*What you need to do*. Leaving out all pictures, transcribe exactly the lines between the line with "A regular-fit Panjabi" and the last line of the records below, both included.

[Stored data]
::::
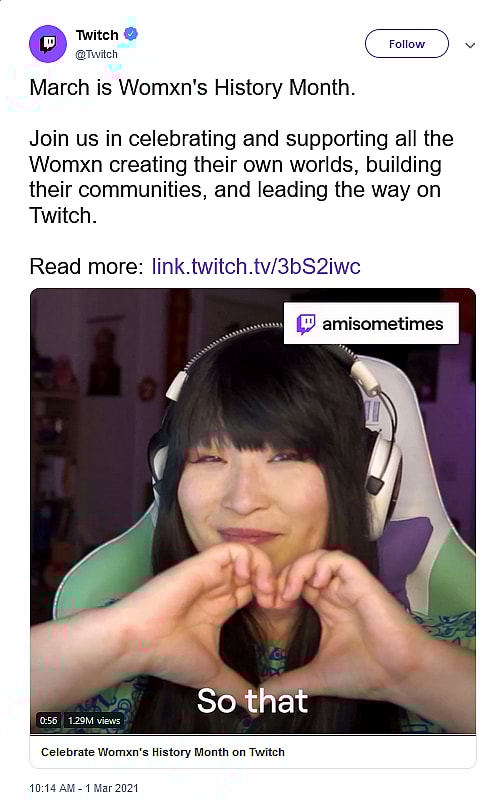Alongside the clip, Twitch wrote a short message, noting that “March is Womxn’s History Month,” and asking users to “join us in celebrating and supporting all the Womxn creating their own worlds, building their communities, and leading the way on Twitch.”
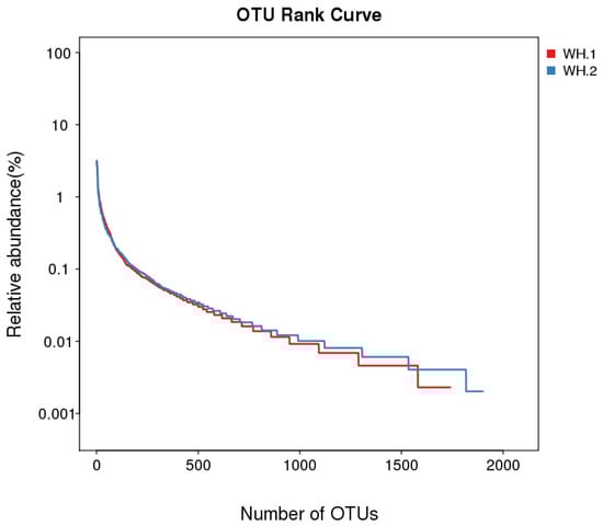 The similar coverage index in both WH.1 and WH.2 suggested the accuracy of this analysis. Sobs denoted the number of observed species in the wasp nests. The values obtained from Chao1 represented the community richness and estimated the total number of microbes, while the Shannon and Simpson indices represented the community diversity found in the wasp nests. The Sobs, Chao1 and Shannon indices of WH.1 were less than those of WH.2, suggesting a higher bacterial diversity associated with the V. vulgaris nest located in a natural environment of a small forest area. The number of OTUs corresponding to relative bacterial abundances is presented in Figure 2 and is in agreement with data obtained under Table 2.
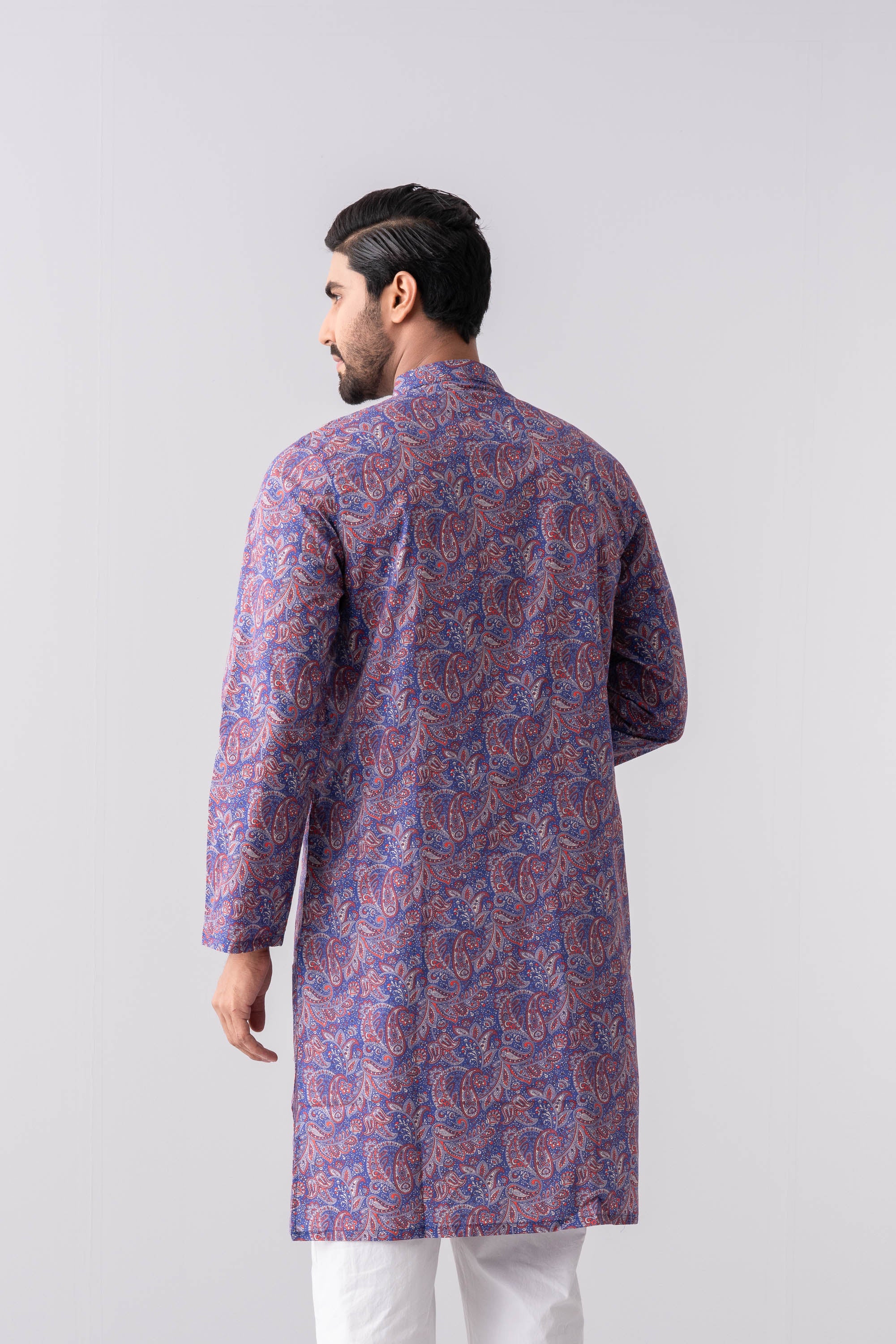A regular-fit Panjabi crafted from 100% cotton fabric, featuring an elegant allover paisley print with contrast inside band and moon, offers a stylish and comfortable daily wear look. Perfect for a blend of tradition and modern elegance.
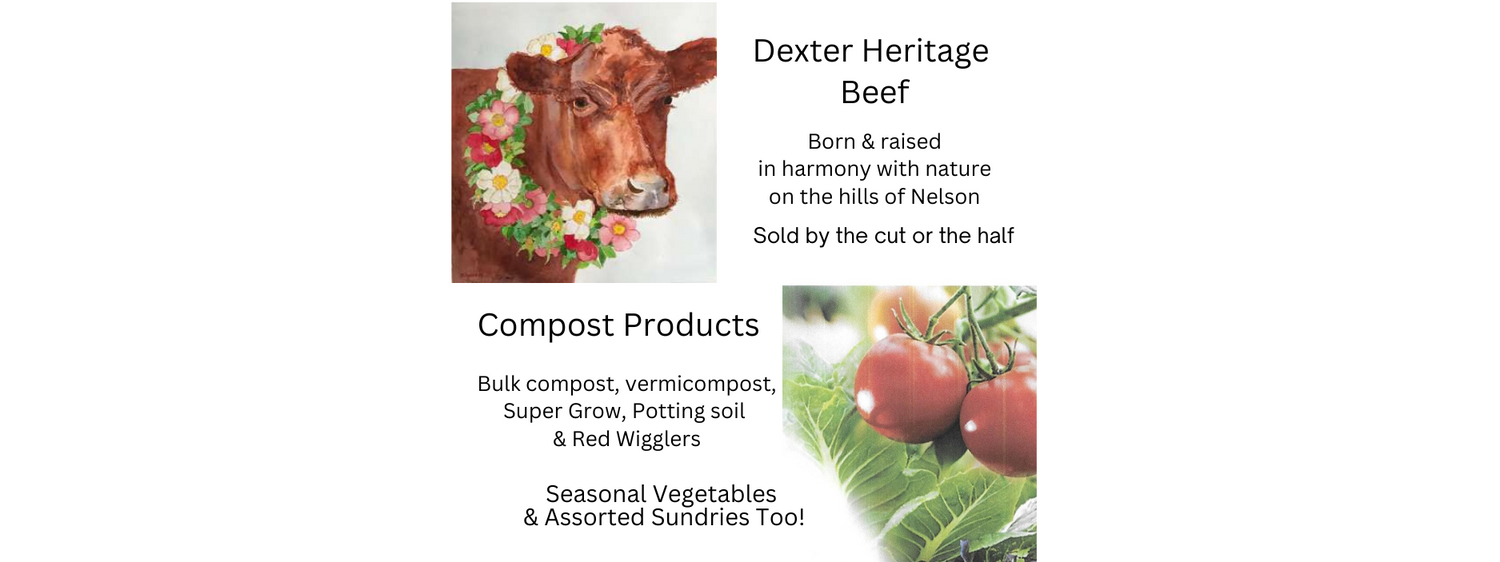 We cherish our cows and we couldn't make quality, consistent worm castings without them. Our cow's manure and bedding feed the worms. The cow's feed the soil while on pasture. Their beef provides nutritious, tasty food for our customers. Try some soon - it's delicious!
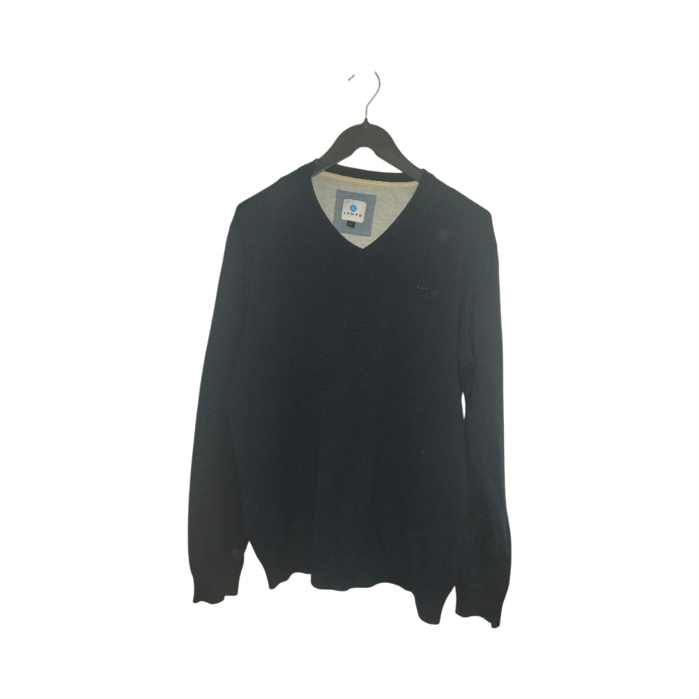 Tummansininen neule v-kauluksella
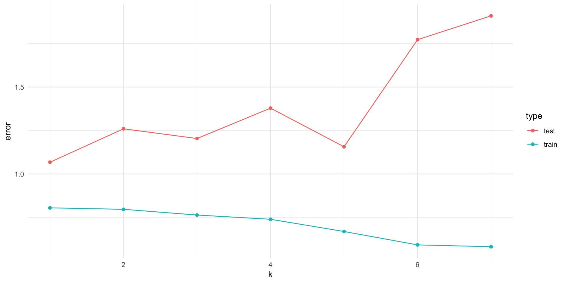 get_error <-function(k) { train <- d_samp1 %>%sample_n(19) test <- d_samp1 %>%anti_join(train, by =c("x1", "x2", "x3", "x4", "x5", "x6", "x7", "y")) form <-as.formula(glue("y ~ {glue_collapse(glue('x{1:k}'), sep = ' + ')}" )) mod <-lm(form, data = train)tibble(error =c(mean(residuals(mod)^2), mean((test$y -predict(mod, test))^2)),type =c("train", "test"),k = k )}set.seed(1)err <-map_df(rep(1:7, each =100), get_error) err %>%group_by(k, type) %>%summarise(error =mean(error)) %>%ggplot(aes(x = k, y = error, color = type)) +geom_point() +geom_line()
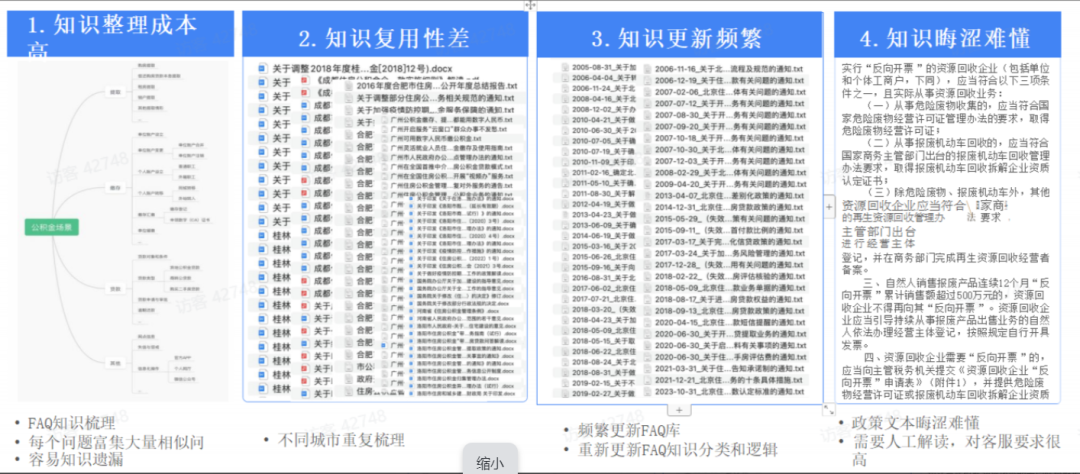 3.知识更新频繁。各市每年都会有年度政策版本出台,每隔几个月还会有补充性政策,增加维护成本。4、知识晦涩难懂。虽然涉及日常场景,但政策内容复杂,不易为大众理解。
::::
*Output of the exercise*.
A regular-fit Panjabi crafted from 100% cotton fabric, featuring an elegant allover paisley print with contrast inside band and moon, offers a stylish and comfortable daily wear look. Perfect for a blend of tradition and modern elegance.
 We cherish our cows and we couldn't make quality, consistent worm castings without them. Our cow's manure and bedding feed the worms. The cow's feed the soil while on pasture. Their beef provides nutritious, tasty food for our customers. Try some soon - it's delicious!
 Tummansininen neule v-kauluksella
 get_error <-function(k) { train <- d_samp1 %>%sample_n(19) test <- d_samp1 %>%anti_join(train, by =c("x1", "x2", "x3", "x4", "x5", "x6", "x7", "y")) form <-as.formula(glue("y ~ {glue_collapse(glue('x{1:k}'), sep = ' + ')}" )) mod <-lm(form, data = train)tibble(error =c(mean(residuals(mod)^2), mean((test$y -predict(mod, test))^2)),type =c("train", "test"),k = k )}set.seed(1)err <-map_df(rep(1:7, each =100), get_error) err %>%group_by(k, type) %>%summarise(error =mean(error)) %>%ggplot(aes(x = k, y = error, color = type)) +geom_point() +geom_line()
 3.知识更新频繁。各市每年都会有年度政策版本出台,每隔几个月还会有补充性政策,增加维护成本。4、知识晦涩难懂。虽然涉及日常场景,但政策内容复杂,不易为大众理解。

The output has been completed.